The twice-yearly survey, conducted between August 26 and September 16, 2009, shows that while 12% of firms increased their occupied space in the last six months, 25% reduced it, giving a balance of -13%. This was slightly less negative than the expected balance of -25%.

The survey also reveals that a similar fall is expected in the coming half-year period (a balance of -15%).

The number of businesses considering exercising a break clause in their lease, which gives one or both parties the right to terminate a lease before it has ended, has increased.

Paul Taylor, automotive and roadside director at GVA Grimley, told AM: “Businesses have become a lot more cost aware. We’ve seen a lot of satellite sites or servicing hubs close in the smaller towns, but in terms of bigger distress sales the auto-motive sector has coped well.

“We’ve seen dealers using break options on their leases, but it’s to negotiate better terms rather than move on. It’s still a good opportunity to get a better deal from landlords.”

Taylor believes there will not be a huge amount of development activity next year as manufacturers are holding off on major projects and relocations until the automotive surfaces from the recession.

He said: “The biggest turnaround this year is that in the last four months investors are coming back to the automotive market and are interested in buying stock again.

"That’s been a staggering turnaround in comparison to earlier this year and it’s been driven by how badly other sectors have been affected.”

The GVA Grimley and CBI survey shows that financial services firms recorded the sharpest property contraction, with the engineering sector and transport, warehousing and distribution companies seeing the next steepest falls.

The sharpest decline in the next six months is expected to be in the financial services sector again.

Three sectors – leisure (including hotels, bars & restaurants), retail and construction – reported an increase in property holdings over the past six months and the same sectors anticipate a rise in the next six.

During the recession, cost reduction and cash flow remain the most important issues affecting companies’ property decisions.

Howard Cooke, corporate consulting director at GVA Grimley, said: “With little let-up in the impact of the recession, businesses have continued to reduce property holdings. These cuts will continue as long as the poor economic climate persists.

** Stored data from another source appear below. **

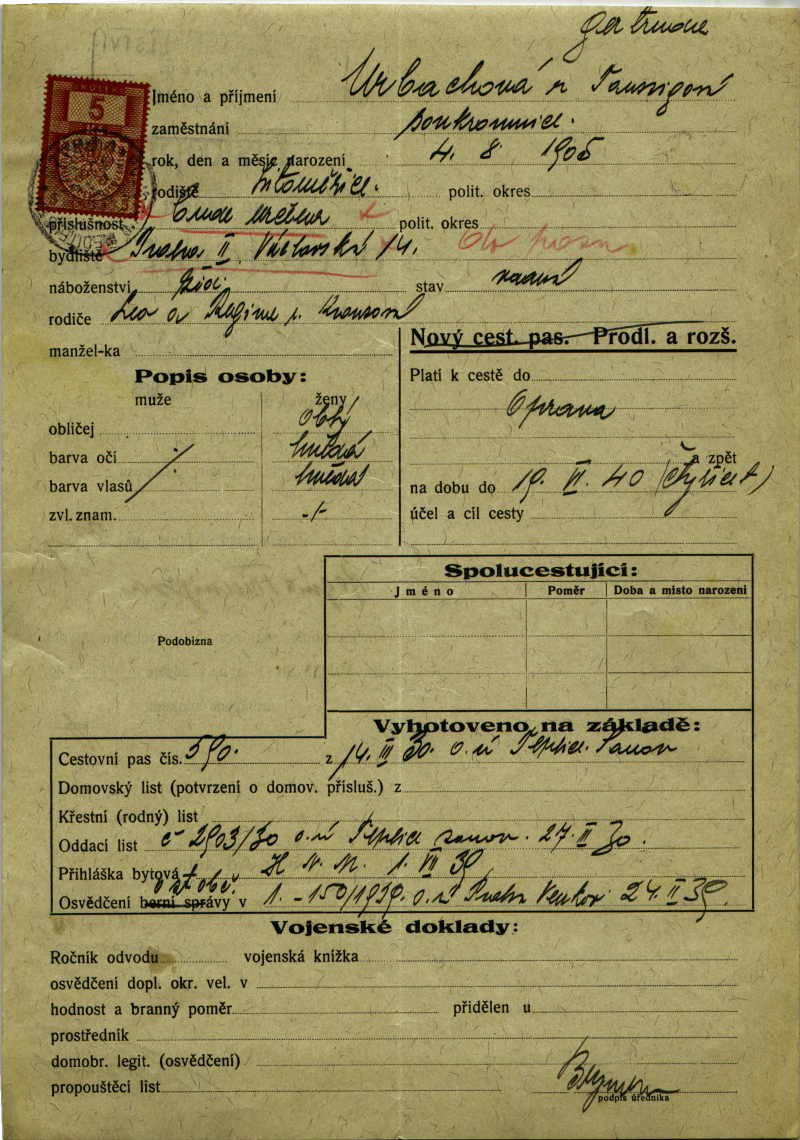 Nationalarchiv Prag > Polizei-Direktion Prag > 1931-1940 > U > Urbachová Gertruda
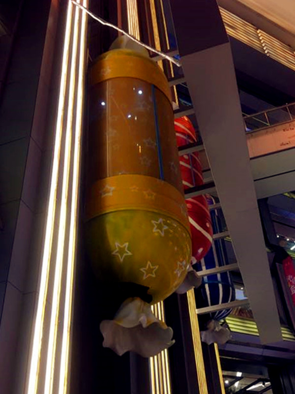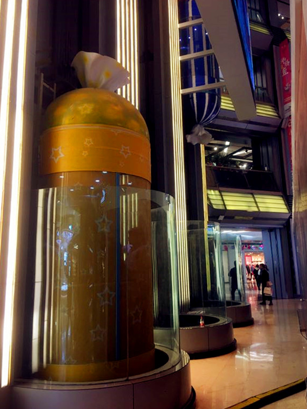 这里有三个观光电梯,供来到商场的顾客上下楼层使用,分别是黄、红、蓝三个主色,每个外壳上还装点有不同的纹路,黄色轿厢外壳上点缀的是五角星,红色轿厢外壳上点缀的是横条纹,蓝色轿厢外壳上点缀的是竖条纹。
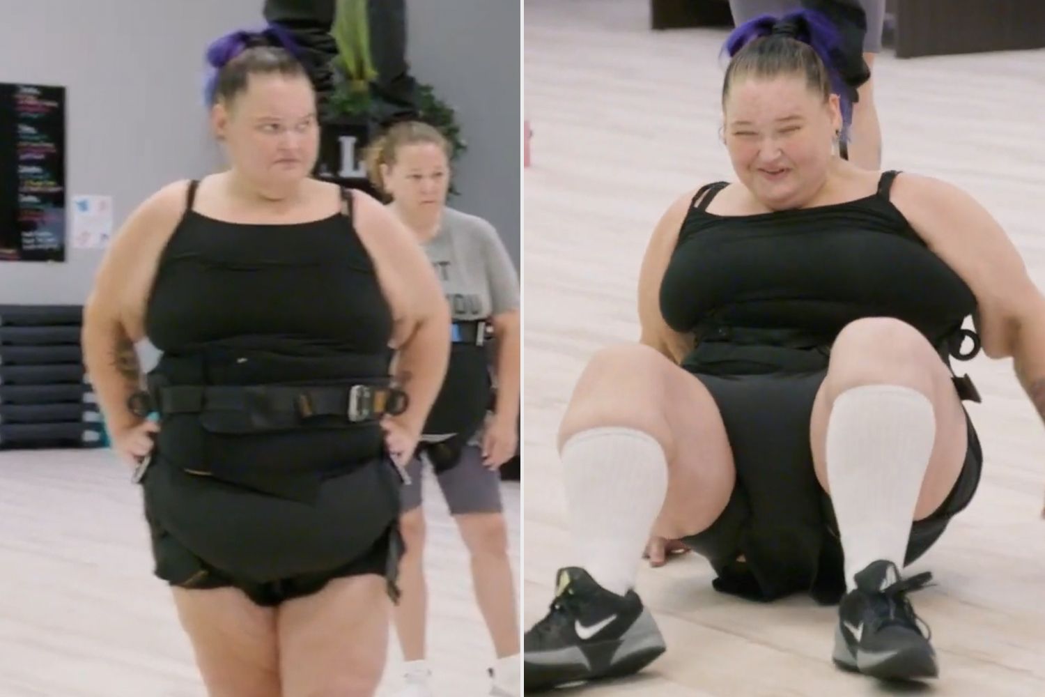 Amy Slaton says she’s been doing well in her weight-loss journey and tries a bungee fitness class alongside her sistersAfter struggling in the harness because of her excess skin, the reality star takes a hard fall, teasing that it felt like “a rubber band pulling me back on my ass”The new episode of 1000-Lb. Sisters airs Tuesday, Feb. 3 at 9PM ET/PT
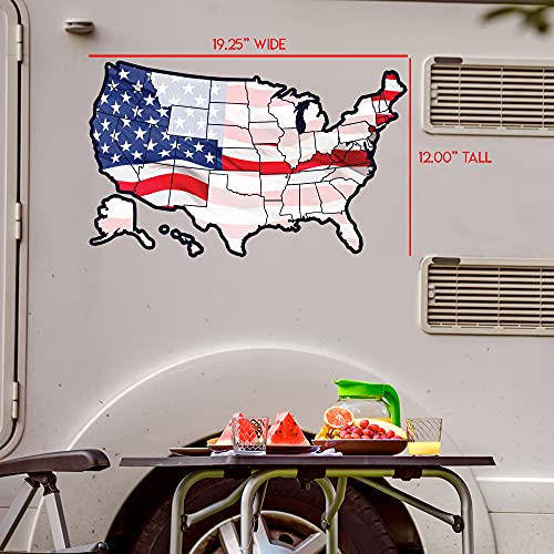 Travel State Sticker Map RV Gifts – Road Trip Essentials for Adults, United States Map, Flag 19.25” x 12” Fun RV Decals, Camper Gifts, Cool Camper Accessories, Visited States Map.
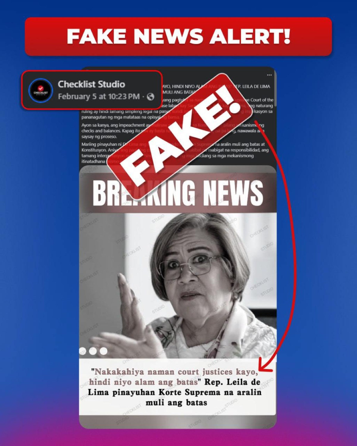 Kaugnay ito sa umano’y pagkalat ng malisyosong social media post kung saan sinabi raw ni De Lima na siya ay nahihiya dahil hindi alam ng “court justices” ang batas.
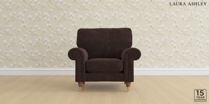 6.12.1 Buy Kingston by Laura Ashley Armchair Alwyn Velvet Chocolate Brown Low Brass Castor - Teak from the Laura Ashley online shop Click here to use our website with more accessibility support, for example screen readers
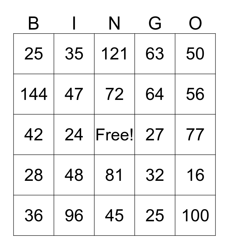 This bingo card has a free space and 24 words: 48, 96, 72, 36, 50, 25, 144, 35, 27, 81, 64, 42, 32, 16, 47, 25, 77, 121, 56, 24, 100, 28, 63 and 45.
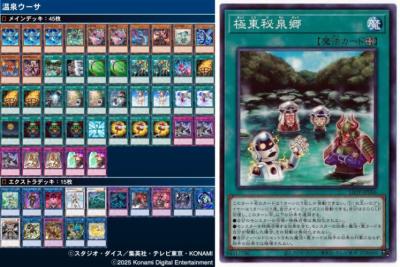 「温泉で入浴中のアポロウーサ」デッキで参加します。極東秘泉境を貼って戦闘耐性付きウーサの盤面を作ります。
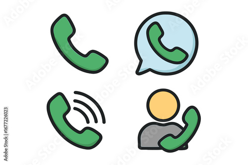 Phone call icons set. Vector cartoon telephone and mobile communication symbols. Collection of support, contact, and hotline signs. Ringing phone and user avatar pictogram.
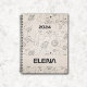 Niedliches und cooles Weltraum- und Universum-Themenmuster mit Galaxien, Sternen, Mond, Planeten, Erde, Astronaut, Raumschiff, Alien, Raketenschiff, Nebel. Doodle-Elemente in dunkler Kohle auf beigem Hintergrund
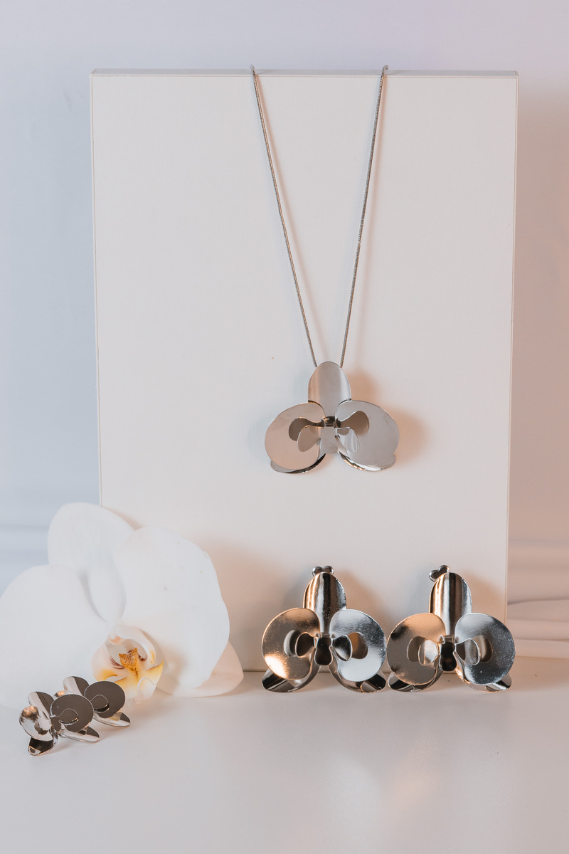 Brinco pequeno no banho diamante todo detalhado em formato de orquídea, super leve. Consulte a aba “dicas de conservação” ou vide a etiqueta afixada ao produto para ciência sobre os cuidados com a peça.
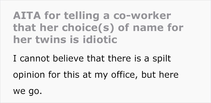 A redditor shared their honest opinion about their coworkers wanting to name their newborn twins identically
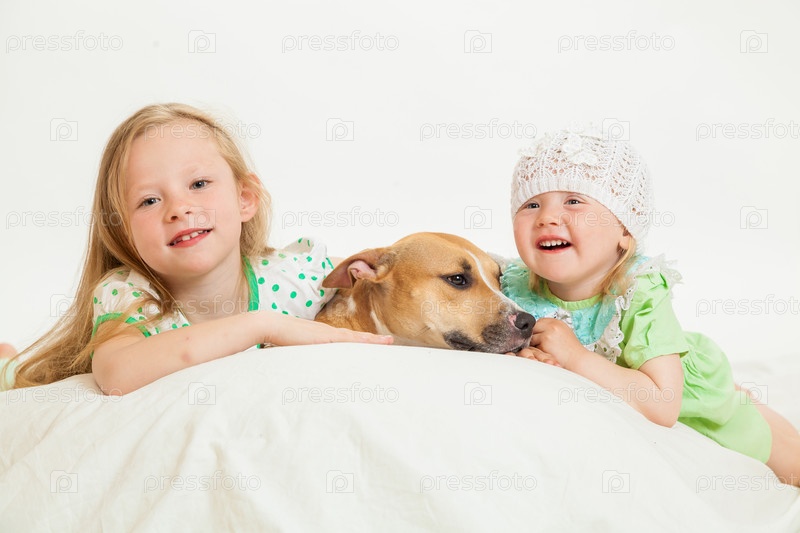Две маленькие девочки с собакой
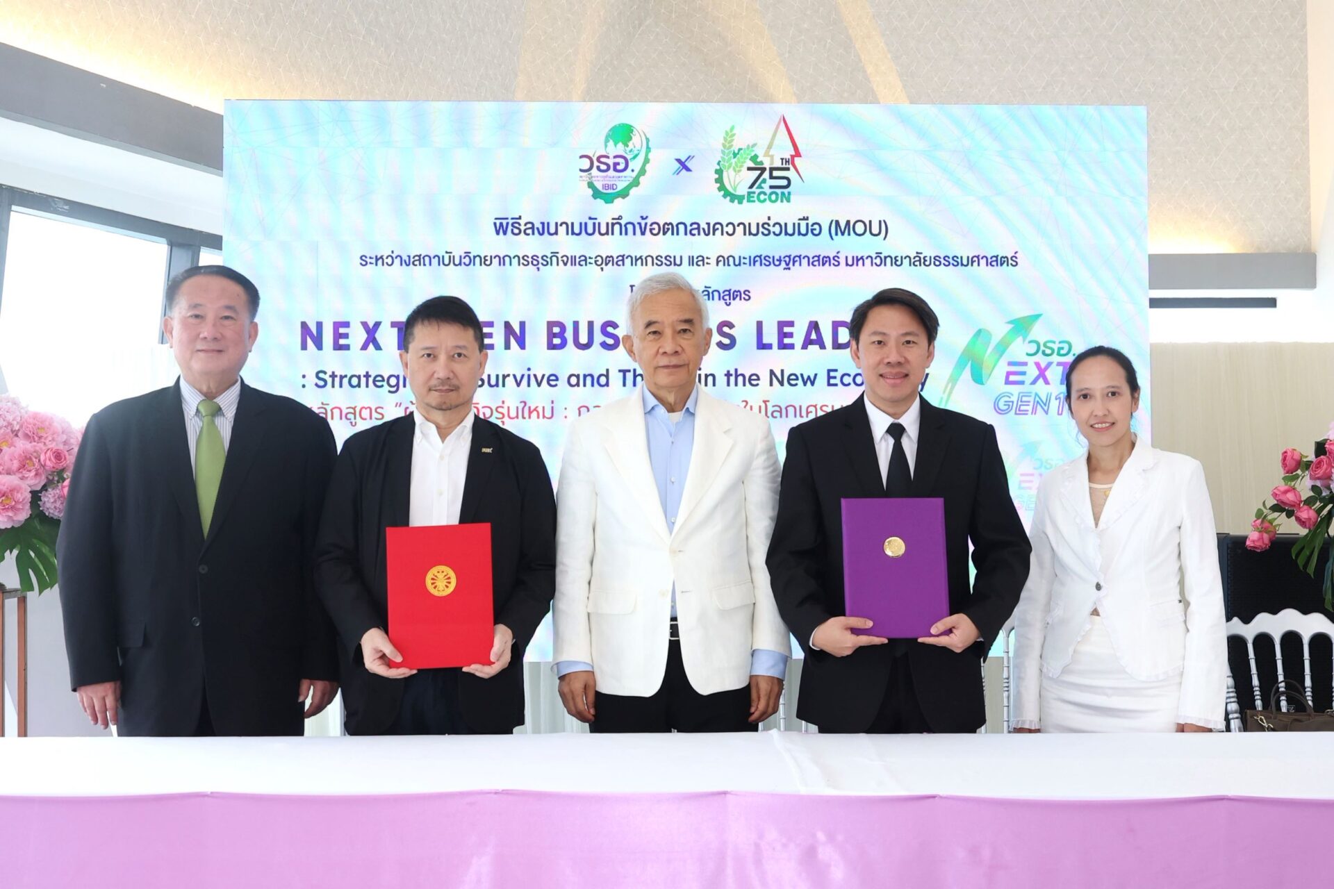 มูลนิธิเพื่อการพัฒนาการประกอบการธุรกิจและอุตสาหกรรม (วธอ.) ร่วมกับคณะเศรษฐศาสตร์ มหาวิทยาลัยธรรมศาสตร์ เปิดตัวโครงการหลักสูตร “ผู้นำธุรกิจรุ่นใหม่ : กลยุทธ์รอดและโตในโลกเศรษฐกิจใหม่” หรือ วธอ. Next Gen 1 เพื่อพัฒนาภาวะผู้นำของผู้บริหารยุคใหม่ให้พร้อมรับมือกับความเปลี่ยนแปลงของเศรษฐกิจโลก พร้อมเสริมองค์ความรู้ด้านเศรษฐศาสตร์ การตลาด นวัตกรรม และการออกแบบนโยบาย เพื่อการเติบโตอย่างยั่งยืนในระยะยาว
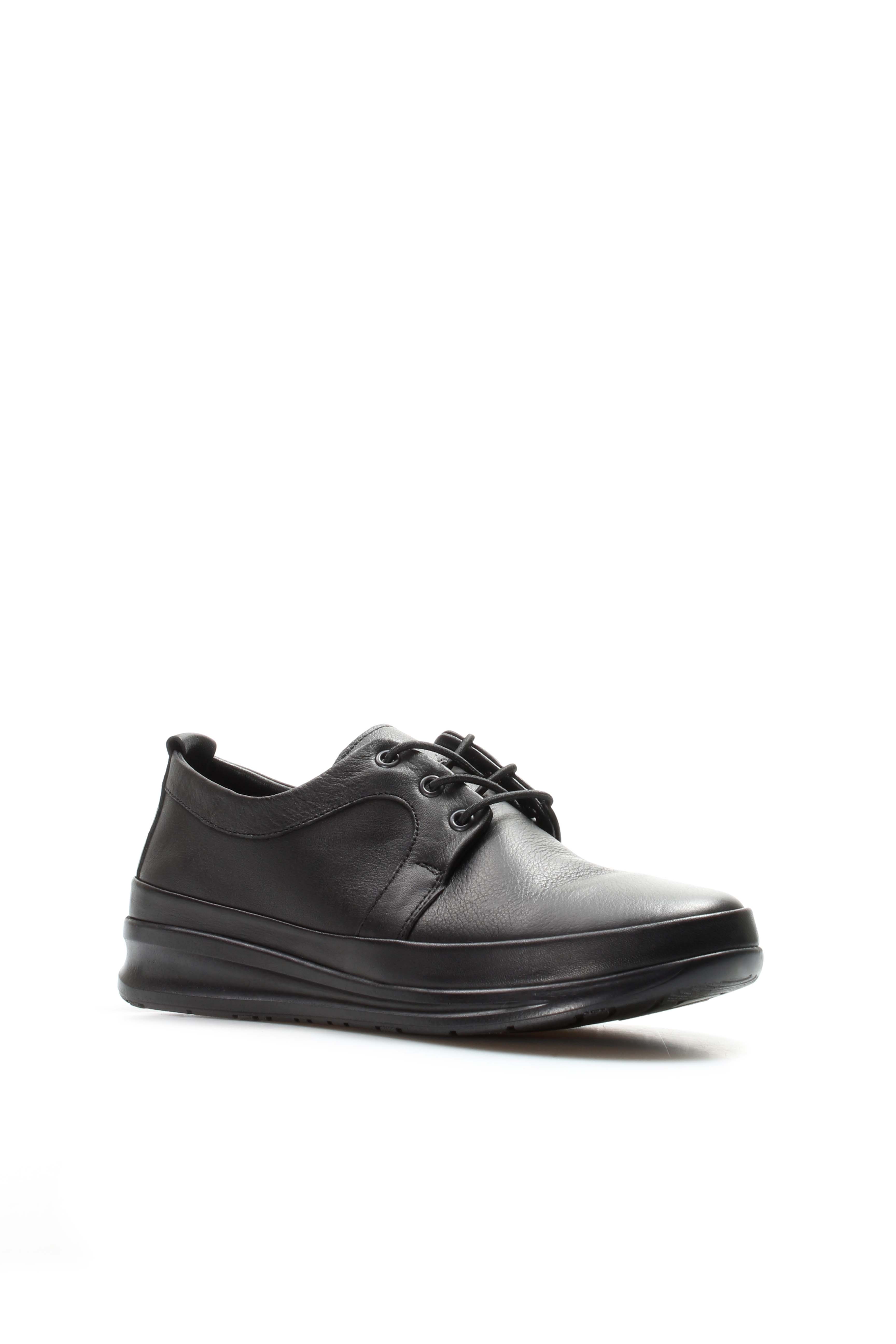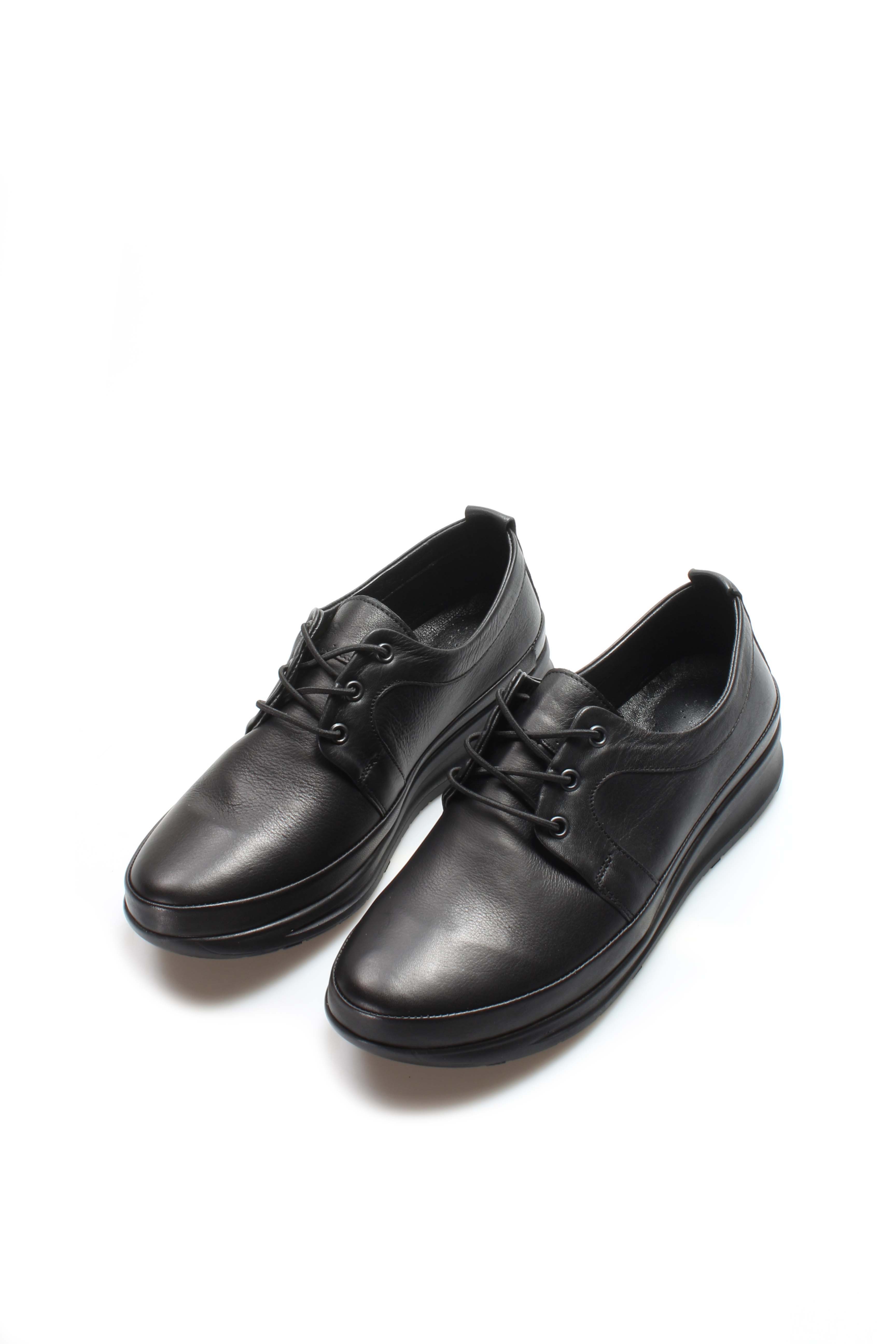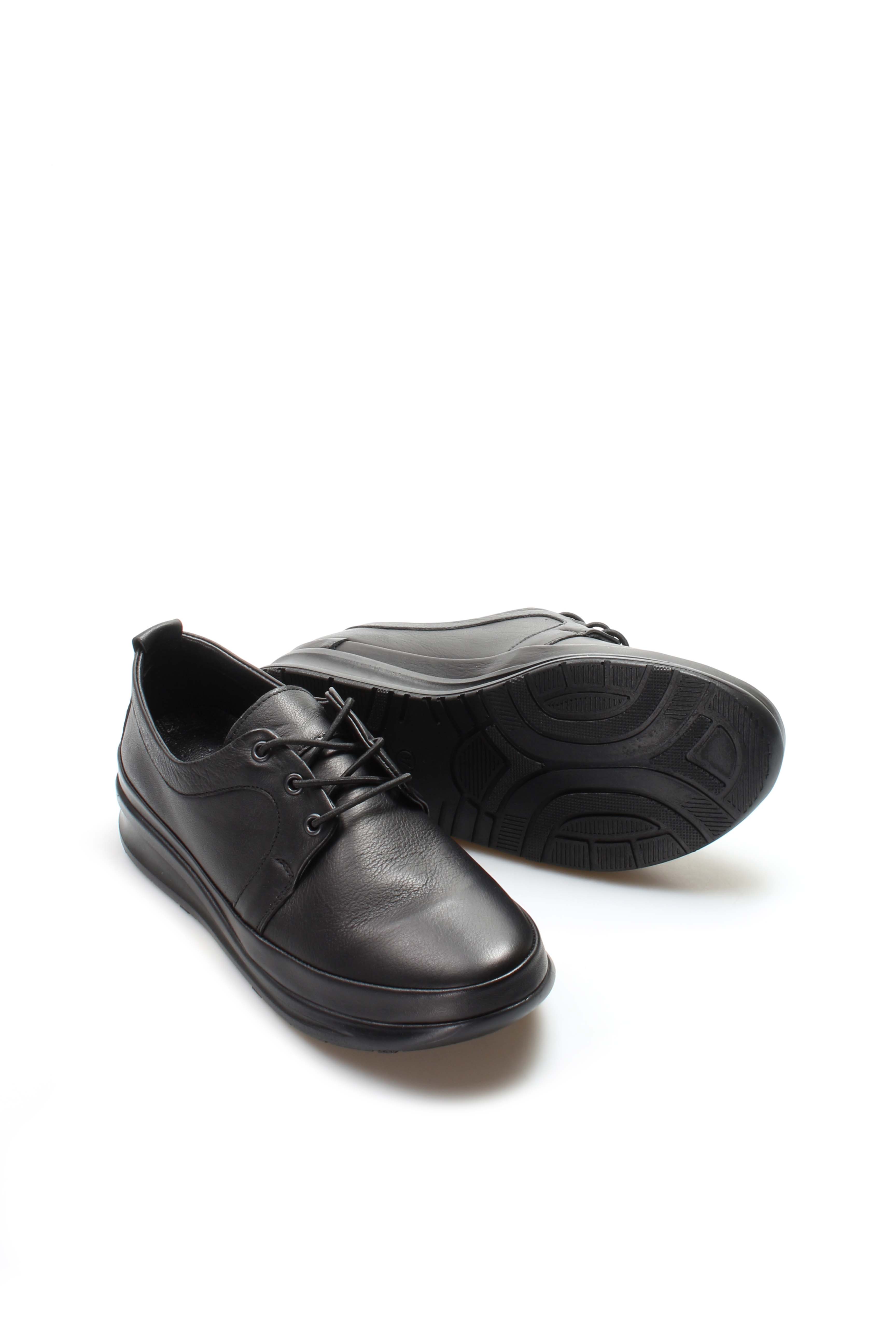 • Tugerdi Hakiki Deri Siyah Hafif Taban Bağcıklı Kadın Günlük Ayakkabı TG098642611508

“Yet again, most firms feel some impact from the recession, with slightly more blaming tighter credit conditions than six months ago.”

The survey shows an increase in the number of companies that would consider moving at least part of their business abroad. 

Almost a third (32%) said there were issues that would make them relocate away from the UK, a significant rise on 15% a year ago.

This time the two most important reasons for firms considering relocating were the tax system and the economic environment.